**What is being asked**
Below, locate the line that contains "доступа 6 мс". Repeat exactly from that line to the line that contains "Химическая антисептика Соединения", inclusive, leaving out the pictures.

Segment Start: Data records

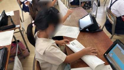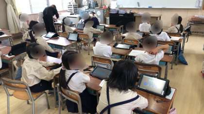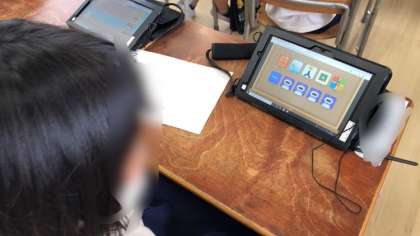 タブレット端末の使い方を学習していました。その後、遠足のしおりを配布していました。
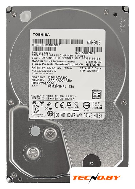 3.5", SATA 3.0 (6Gbps), 5400 об/мин, буфер 256 МБ, время доступа 6 мс
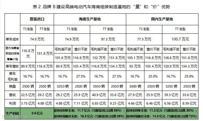 若品牌B海南生产基地年产2500辆TS车型、2500辆TT车型并全部售至中国大陆市场。与原装进口相比,如果保持原产地单车生产毛利率,生产利润可以提升36%;如果保持终端售价不变,生产利润可以提升89%,均高于国内组装制造基地生产利润提升幅度。
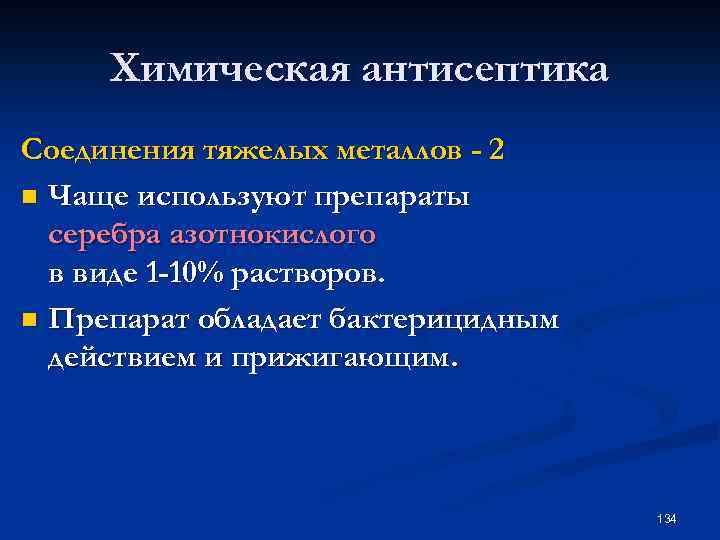 Химическая антисептика Соединения тяжелых металлов - 2 n Чаще используют препараты серебра азотнокислого в виде 1 -10% растворов. n Препарат обладает бактерицидным действием и прижигающим. 134
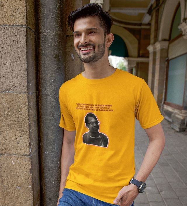 Friendship Or Revision ?? Yellow Round Neck Cotton Half Sleeved Men T Shirt with Printed Graphics
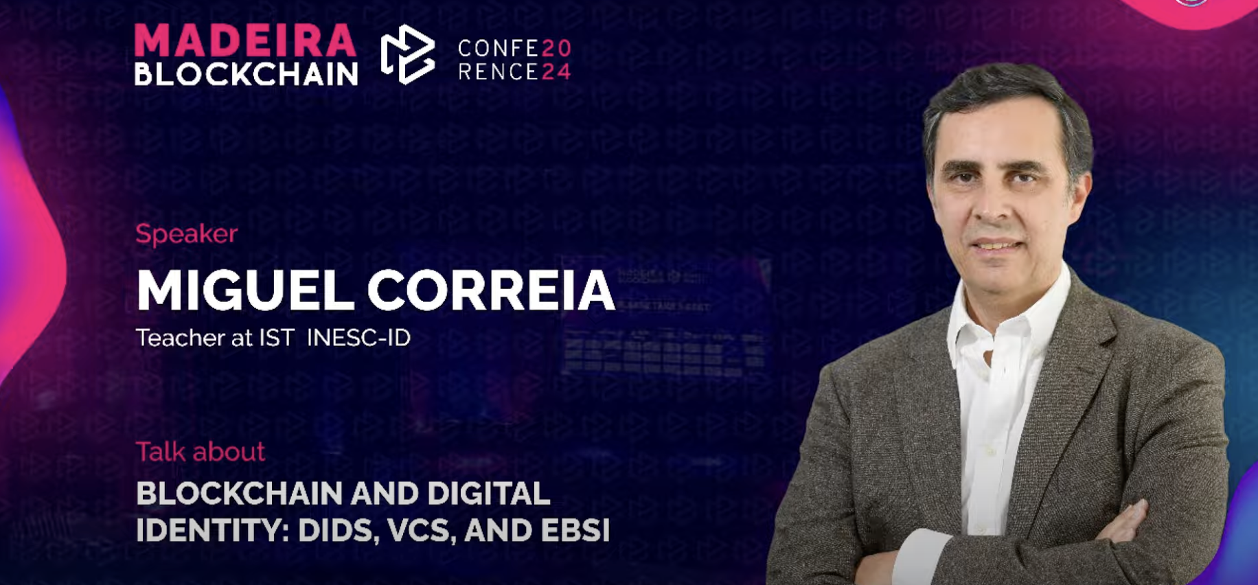 “If you pick a grain of sand, what is the probability that two of us pick the same one?” With this example, Miguel Pupo Correia, President of the INESC-ID Executive Committee, illustrates the probabilistic uniqueness of DIDs (Decentralised Identifiers), during his keynote “Blockchain and Digital Identity: DIDs, VCs, and EBSI”. This intervention took place during the Madeira Blockchain Conference 2024, which happened in Funchal at the end of the last year.
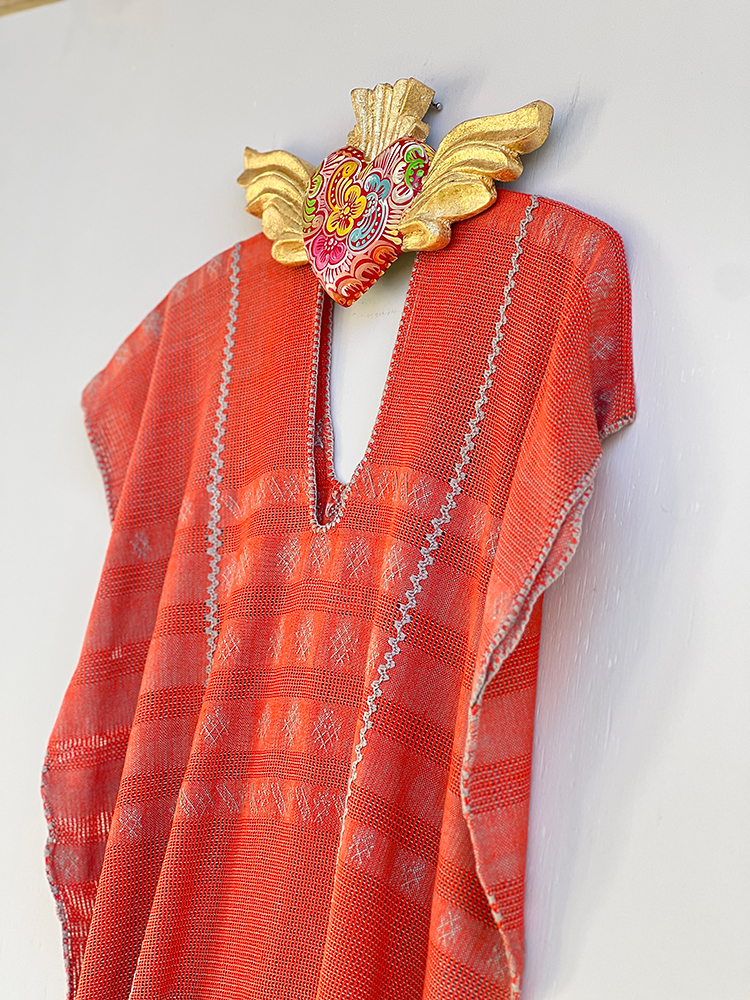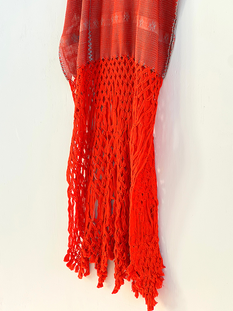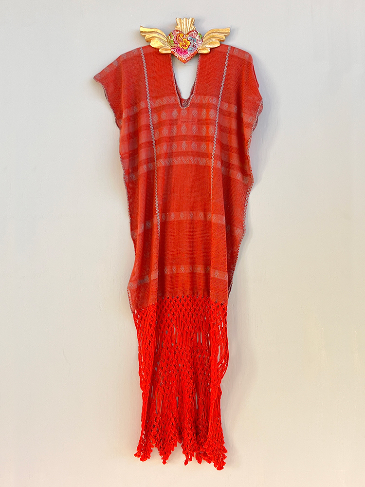 Sé el primero en valorar “Huipil «Valentina» fleco largo naranja y gris”
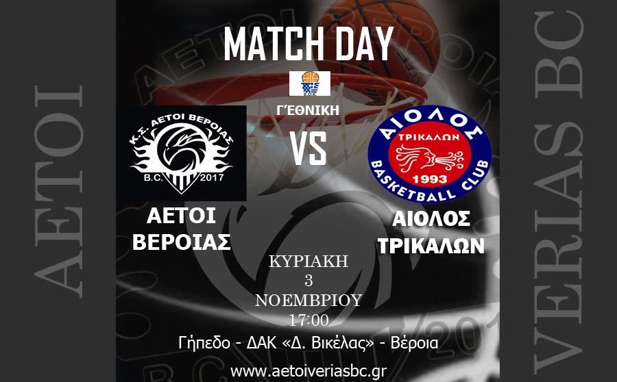 Δεύτερο εντός έδρας παιχνίδι στη Γ Εθνική για τους Αετούς Βέροιας, που υποδέχονται την Κυριακή (3/11, 17.00) τον πρωτοπόρο της βαθμολογίας, Αίολο Τρικάλων.
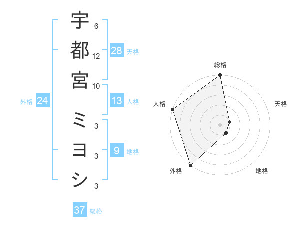 宇都宮 ミヨシさんを姓名の画数から五運を鑑定
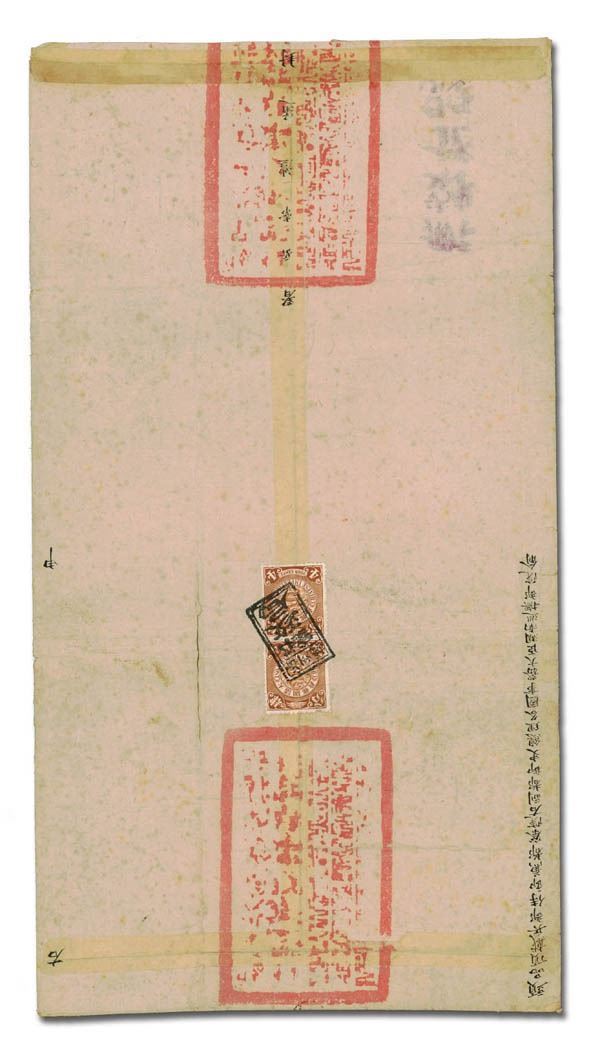 China, ca. 1898-1902, large-size Official Mail cover to Hunan, attractive cover bearing a pair of 4 Coiling Dragons tied by bold, perfect strike of Yueh Chow Fu boxed cancel; written by the Administrative Officer at Yueh Chang to the Governor of the Province of Hunan; reverse shows Pay No More marking, etc.; small cover split of no consequence, Fine to Very Fine, a rare item.
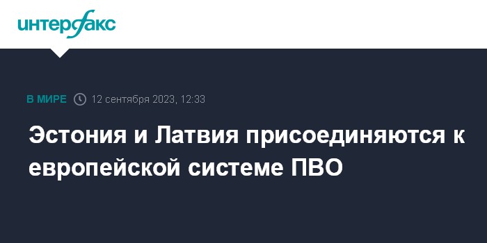 Москва. 12 сентября. INTERFAX.RU - Министры обороны Эстонии Ханно Певкур и Латвии Инара Мурниеце подписали с министром обороны Германии Борисом Писториусом письмо о намерениях присоединиться к системе ПВО ЕС "Европейский небесный щит" (European Sky Shield Initiative, ESSI), сообщила пресс-служба немецкой оборонной компании Diehl Defense, на площадке которой произошло подписание.
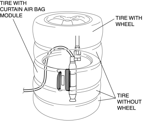 7. Stack the tire with the curtain air bag module on top of two tires without wheels. Stack a tire without a wheel on top of the tire with the curtain air bag module, and then stack another tire with a wheel on the very top.
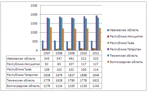Для исследования этого вопроса были рассмотрены те же 6 регионов России
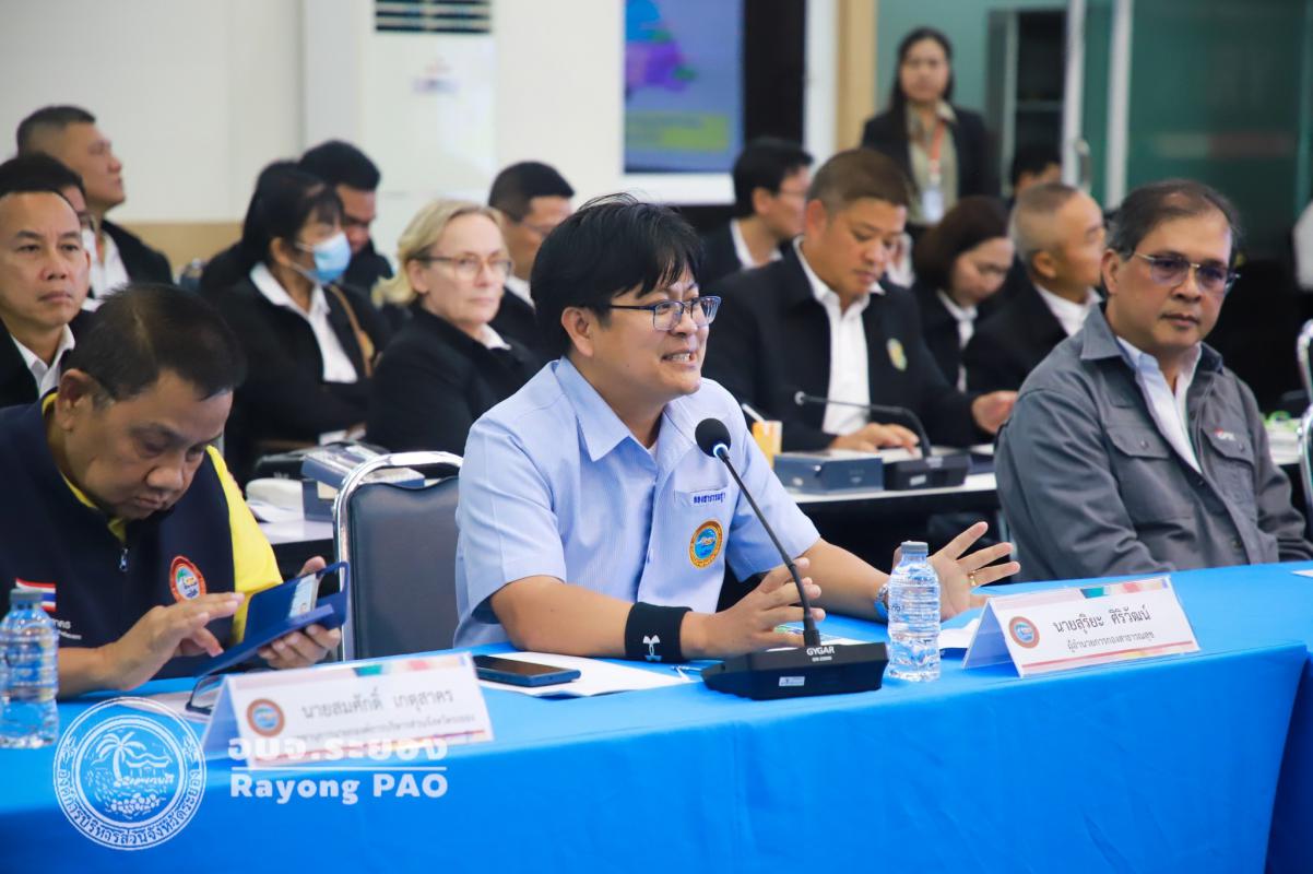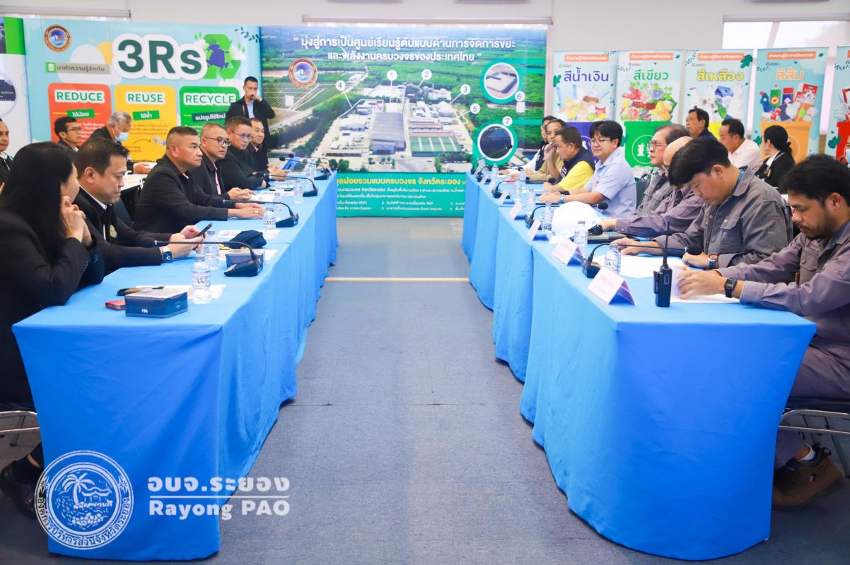 วันที่ 29 พฤษภาคม 2568 เวลา 13.00 น. นายปิยะ ปิตุเตชะ นายกองค์การบริการส่วนจังหวัดระยอง พร้อมด้วยคณะผู้บริหาร ให้การต้อนรับ พลโททักษิณ สิริสิงห ผอ.วิทยาลัยป้องกันราชอาณาจักร นำคณะนักศึกษาหลักสูตรการป้องกันราชอาณาจักร (วปอ.) รุ่นที่ 87 เข้าศึกษาดูงาน ณ ศูนย์กำจัดขยะมูลฝอยแบบครบวงจร จังหวัดระยอง โดยมีคุณบุญสรวง เสนีย์วงศ์ ณ อยุธยา ผจก.โรงไฟฟ้า RDF พร้อมคณะเจ้าหน้าที่จากกองสาธารณสุข อบจ.ระยอง เจ้าหน้าที่จากบริษัท GPSC และเจ้าหน้าที่บริษัทไทยไพบูลย์ฯ ร่วมให้การต้อนรับพร้อมทั้งบรรยายเกี่ยวกับการบริหารจัดการขยะที่สามารถแปลงเป็นเชื้อเพลิง RDF ได้ พร้อมกันนี้ได้นำคณะเข้าเยี่ยมชมพื้นที่ภายในศูนย์กำจัดขยะมูลฝอยฯ และศูนย์การเรียนรู้แปลงขยะเป็นพลังงาน (Waste to Energy Learning Center)
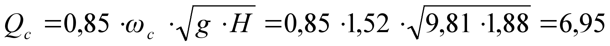 Н=1,88d=1,22,00=2,40 м – условие безнапорного режима соблюдается. Определяем пропускную способность трубы по формуле 15.16 ([2],стр.227):

Segment End: Data records

**Response area**
 3.5", SATA 3.0 (6Gbps), 5400 об/мин, буфер 256 МБ, время доступа 6 мс
 若品牌B海南生产基地年产2500辆TS车型、2500辆TT车型并全部售至中国大陆市场。与原装进口相比,如果保持原产地单车生产毛利率,生产利润可以提升36%;如果保持终端售价不变,生产利润可以提升89%,均高于国内组装制造基地生产利润提升幅度。
 Химическая антисептика Соединения тяжелых металлов - 2 n Чаще используют препараты серебра азотнокислого в виде 1 -10% растворов. n Препарат обладает бактерицидным действием и прижигающим. 134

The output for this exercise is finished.